Reputation: 11942
I have a 2d numpy array my_array
that starts out like this:
array([[1., 2., 3., 4., 5., 6., 7., 8., 9.],
[1., 2., 3., 4., 5., 6., 7., 8., 9.],
[1., 2., 3., 4., 5., 6., 7., 8., 9.],
[1., 2., 3., 4., 5., 6., 7., 8., 9.],
[1., 2., 3., 4., 5., 6., 7., 8., 9.],
[1., 2., 3., 4., 5., 6., 7., 8., 9.],
[1., 2., 3., 4., 5., 6., 7., 8., 9.],
[1., 2., 3., 4., 5., 6., 7., 8., 9.],
[1., 2., 3., 4., 5., 6., 7., 8., 9.]])
But after some processing which is irrelevant now looks like this:
array([[1., 2., 0., 4., 5., 6., 0., 8., 9.],
[0., 2., 0., 0., 5., 6., 7., 8., 9.],
[0., 2., 0., 4., 5., 0., 7., 0., 9.],
[1., 2., 0., 4., 5., 6., 7., 8., 9.],
[1., 2., 3., 4., 5., 0., 7., 8., 9.],
[0., 2., 0., 4., 5., 6., 0., 8., 9.],
[1., 2., 0., 4., 5., 6., 7., 8., 9.],
[1., 2., 0., 4., 5., 6., 7., 8., 9.],
[1., 2., 0., 4., 5., 6., 7., 8., 0.]])
As you can see, some of the items have been "zeroed out" quite randomly, but only the value of 3 was left with only 1 item that isn't zero. I'm looking for a function that takes this array and returns the index / row number that has the value 3
(or any other value that only appears once and only once in the array).
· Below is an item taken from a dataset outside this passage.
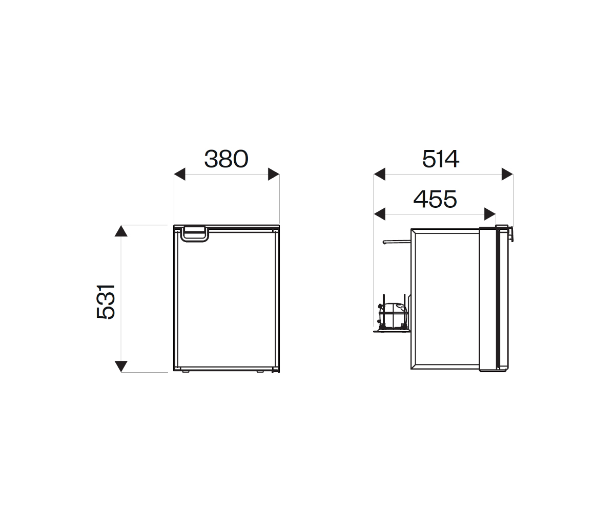 Cruise 42 er til fast montering i både, autocampere og campingvogne m.m. Cruise 42 er lige så komfortabel udstyret som et almindeligt køleskab. Normal køling og frysning. Kan også anvendes som frit stående køleskab. Cruise 42 kan anvendes der hvor plads er et problem. Kompressor kan placeres op til 1.5m fra køleskabet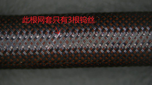 黄工检验19PCS 钨丝网套发现:13PCS合格,6PCS不合格,合格的钨丝网套都是采用4股钢丝一组纵横(4*4)交织而形成,而6PCS不良品为4*3钨丝编织。

To explain this differently:
I first have to figure out if there is such an item that only appears once (in this example the answer is yes and that item is the number 3
), and then I need to return its row number (in this case 4
since the only line with 3
in it is: my_array[4]
)
I have successfully done that with iterating over the array, item by item, and counting the number of times each number appears (and returning only the item whose count is 1) and then iterating over everything a second time to find the correct index / row number of where that item is located.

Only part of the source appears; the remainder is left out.